Try it >>
Copy the listing as it is written, and leave each picture out.

** Opening Given material block **

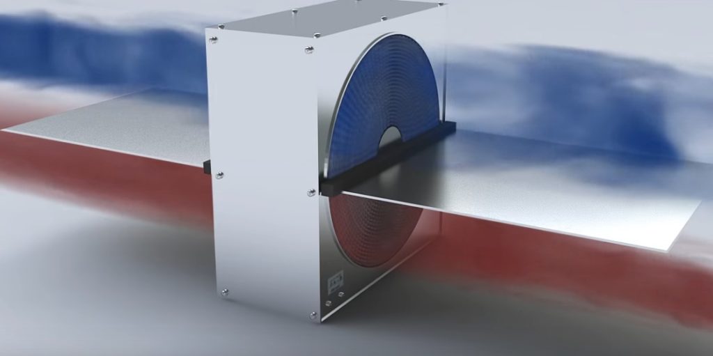 Çalışma prensibi hareketli bir dampere dayanmaktadır. Dışarı çıkan hava, gelen akışın daha sonra bir damper tarafından yönlendirildiği bölmenin ayrılmış bölümünü ısıtır.
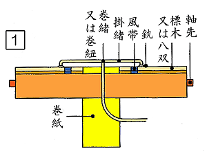 軸棒 Jikubo (Stab) Der Holzstab, der an der Unterseite einer Hängerolle befestigt ist und beim Aufrollen als Kern dient, wird Jikubo genannt. Beim Zusammenbau der Rolle wird dieser Stab um die oberen und unteren Stoffe sowie das Washi-Papier gewickelt, wodurch er unsichtbar wird. |
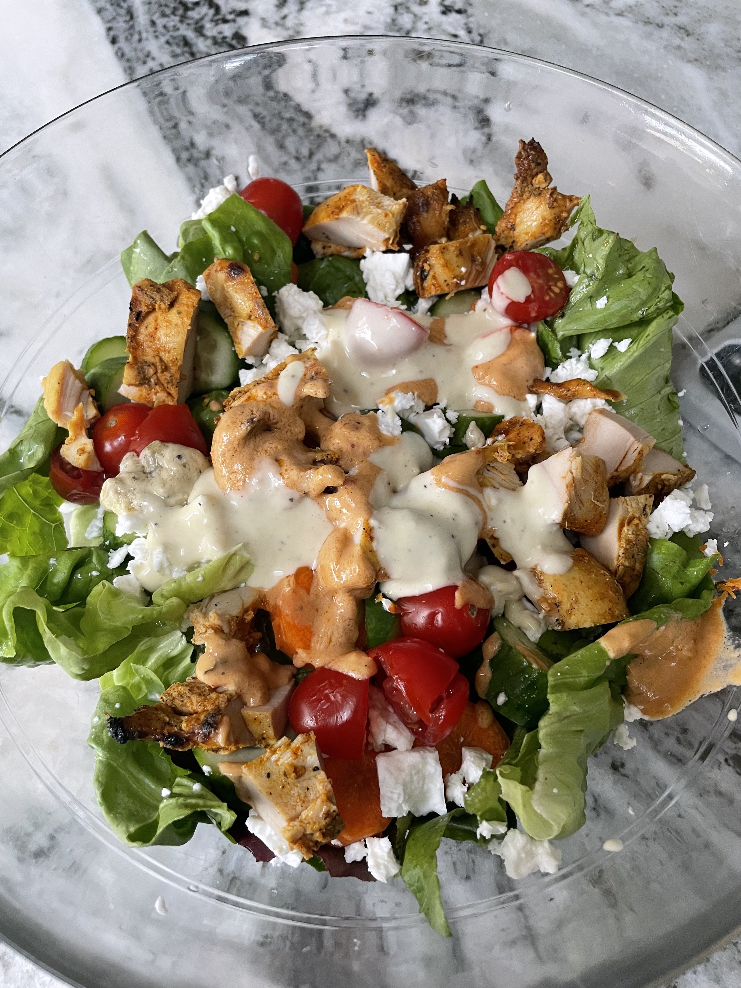 Monday- My oldest made a salad with leftover chicken and pasta.

** Closing Given material block **

Solved exercise >>
 Çalışma prensibi hareketli bir dampere dayanmaktadır. Dışarı çıkan hava, gelen akışın daha sonra bir damper tarafından yönlendirildiği bölmenin ayrılmış bölümünü ısıtır.
 軸棒 Jikubo (Stab) Der Holzstab, der an der Unterseite einer Hängerolle befestigt ist und beim Aufrollen als Kern dient, wird Jikubo genannt. Beim Zusammenbau der Rolle wird dieser Stab um die oberen und unteren Stoffe sowie das Washi-Papier gewickelt, wodurch er unsichtbar wird. |
 Monday- My oldest made a salad with leftover chicken and pasta.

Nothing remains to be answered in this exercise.